-------- Information supplied --------

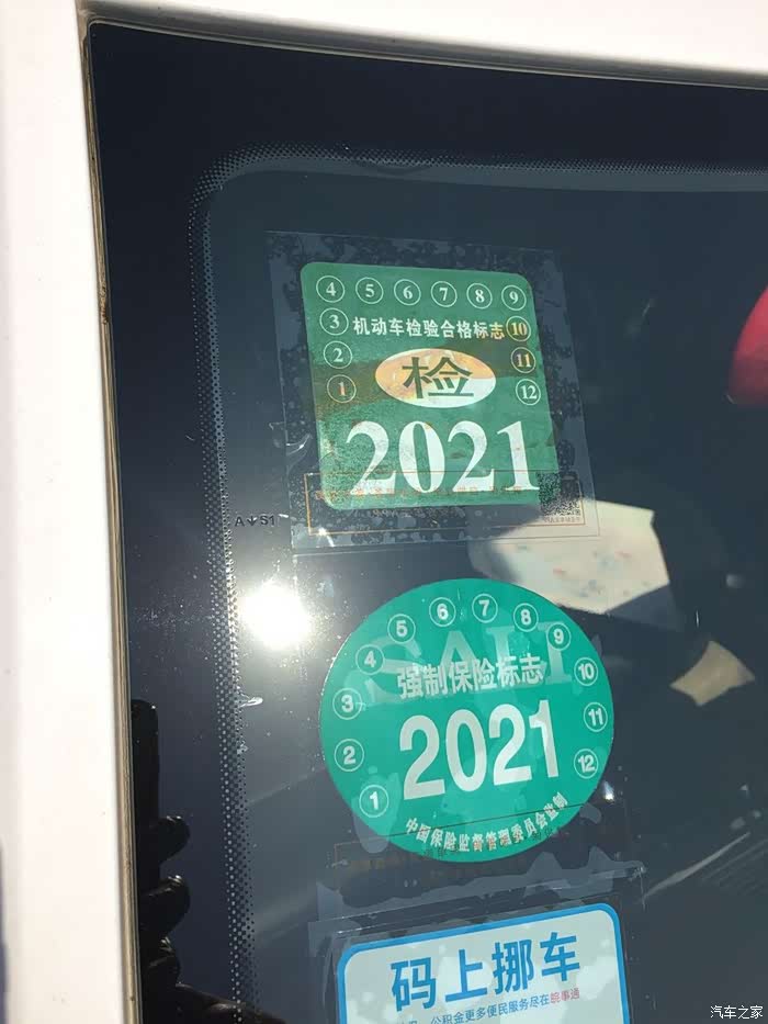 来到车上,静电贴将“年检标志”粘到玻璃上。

--------
-------- Information supplied --------

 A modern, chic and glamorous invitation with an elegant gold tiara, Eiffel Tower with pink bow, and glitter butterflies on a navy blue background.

--------
-------- Information supplied --------

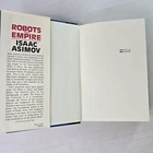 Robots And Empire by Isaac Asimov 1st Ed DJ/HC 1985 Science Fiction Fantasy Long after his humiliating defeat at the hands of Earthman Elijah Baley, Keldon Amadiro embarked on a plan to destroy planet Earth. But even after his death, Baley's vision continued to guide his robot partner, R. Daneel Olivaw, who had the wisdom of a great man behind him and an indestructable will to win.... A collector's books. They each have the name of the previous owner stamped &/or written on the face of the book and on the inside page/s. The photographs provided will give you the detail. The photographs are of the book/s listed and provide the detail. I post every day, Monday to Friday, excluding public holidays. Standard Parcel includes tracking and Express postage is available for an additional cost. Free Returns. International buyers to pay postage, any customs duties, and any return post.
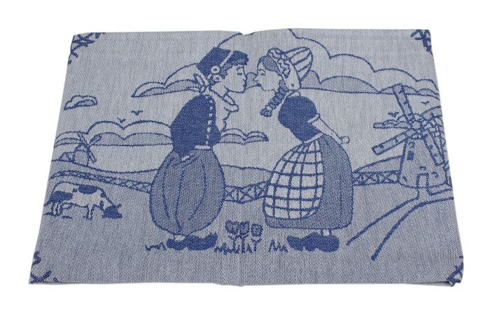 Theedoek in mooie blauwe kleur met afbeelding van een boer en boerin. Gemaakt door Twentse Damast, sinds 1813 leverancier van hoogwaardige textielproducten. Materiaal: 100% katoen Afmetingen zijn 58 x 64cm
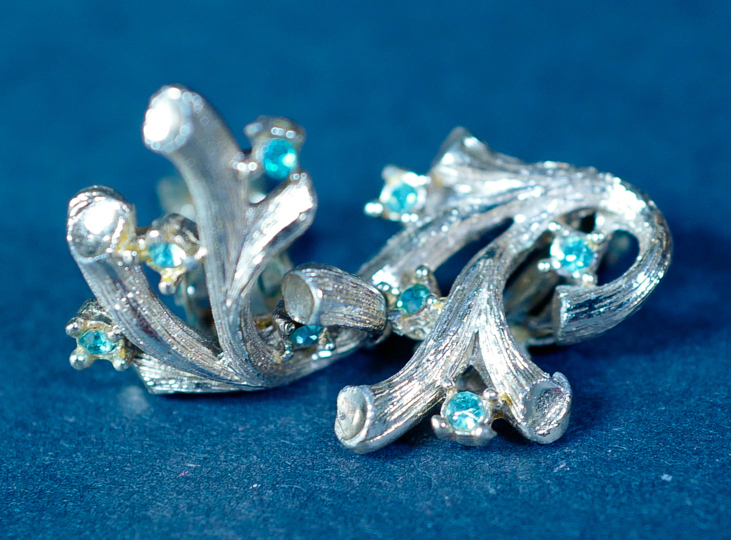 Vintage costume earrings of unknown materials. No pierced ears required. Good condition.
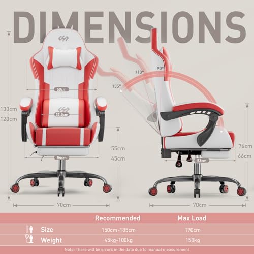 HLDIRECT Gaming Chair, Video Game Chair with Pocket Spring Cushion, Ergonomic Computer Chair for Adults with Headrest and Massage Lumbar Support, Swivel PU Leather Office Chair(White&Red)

--------

Exercise details:
Reproduce, exactly and only, the lines of the records above starting at the line with "Theedoek in mooie" and ending at the line with "HLDIRECT Gaming Chair, Video", both included. Leave every picture out.

Solution to this exercise:
 Theedoek in mooie blauwe kleur met afbeelding van een boer en boerin. Gemaakt door Twentse Damast, sinds 1813 leverancier van hoogwaardige textielproducten. Materiaal: 100% katoen Afmetingen zijn 58 x 64cm
 Vintage costume earrings of unknown materials. No pierced ears required. Good condition.
 HLDIRECT Gaming Chair, Video Game Chair with Pocket Spring Cushion, Ergonomic Computer Chair for Adults with Headrest and Massage Lumbar Support, Swivel PU Leather Office Chair(White&Red)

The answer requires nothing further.